I think it is better to fix programs to not depend on AS-unsafe 
functions at fork time.  Being lax on this requirement is an indicator 
of other bad engineering decisions in these programs, especially libvirt 
and pulseaudio.

Ariadne

^ permalink raw reply	[flat|nested] 20+ messages in thread

* Re: [musl] Restrictions on child context after multithreaded fork
  2020-08-15  0:47 ` A. Wilcox
@ 2020-08-15  2:40   ` Rich Felker
  0 siblings, 0 replies; 20+ messages in thread
From: Rich Felker @ 2020-08-15  2:40 UTC (permalink / raw)
  To: musl

On Fri, Aug 14, 2020 at 07:47:28PM -0500, A. Wilcox wrote:
> On 14/08/2020 16:41, Rich Felker wrote:
> > musl 1.2.1 has exposed bugs in several applications and libraries
> > caused by async-signal-unsafe code between (multithreaded) fork and
> > subsequent exec. So far, dbus library code, pulseaudio library code,
> > and libvirt have been found to be affected. 
> > 
> > Fixing the affected library code looks very straightforward; it's just
> > a matter of doing proper iterations of existing data/state rather than
> > allocating lists and using opendir on procfs and such. I've discussed
> > fixes with Alpine Linux folks and I believe fixes have been tested,
> > but I don't see any patches in aports yet.
> 
> Over at Adélie we've been monitoring the situation intently.  We're not
> bumping musl to 1.2.1 until we have time to do a full tree test (similar
> to time64) due to this.

Just be aware: any bugs exposed by this as deadlocks were already
present, just manifesting as access to inconsistent state. It's
possible for them to yield freelist corruption, etc. So even if not
upgrading musl yet, fixing them should be treated as high-priority.

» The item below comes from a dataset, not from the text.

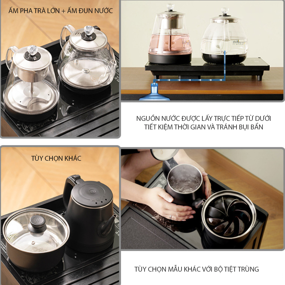 Khi mua bàn trà, tặng kèm bộ ấm trà thủy tinh, ấm đun, bếp điện và bộ dụng cụ pha trà, giúp bạn có ngay một góc trà đầy đủ chỉ trong một sản phẩm.

> > I've seen suspicions that the switch to mallocng exposed this, but I'm
> > pretty sure it was:
> > 
> > https://git.musl-libc.org/cgit/musl/commit/?id=e01b5939b38aea5ecbe41670643199825874b26c
> 
> Doesn't make sense to me.  We backported that to Adélie's musl 1.2.0
> package the day it was committed to musl, and Firefox has been rock
> solid for me for months.  No deadlocks, no weird behaviour.  Similar
> with other apps that use D-Bus and Pulse.  At least on ppc64, x86_64,
> and aarch64 (my daily driver arches), it's been through almost three
> months of usage without issue.
> 
> Perhaps it's the mixture of that commit + malloc-ng?

I was about to say I'm strongly recommending e01b5939b3 for
backporting, but you've already got that. With oldmalloc each size
class has a separate lock, so instead of always getting a deadlock if
parent was using malloc at the time of fork, you'd expect to only get
it if parent was allocating in the same class the child requests, or
if parent was performing free (when a global free-lock is held
momentarily). I'm still rather surprised you don't hit them at all,
rather than just hitting them less frequently.

> > Note that this is a type of bug that's possibly hard to get upstreams
> > to take seriously. libvirt in particular, despite having multiple
> > comments throughout the source warning developers that they can't do
> > anything AS-unsafe between fork and exec, is somehow deeming malloc an
> > exception to that rule because they want to use it (despite it clearly
> > not being necessary).
> 
> libvirt already isn't usable on musl, so this isn't really something we
> are going to spend any time on.  Others are free to do it.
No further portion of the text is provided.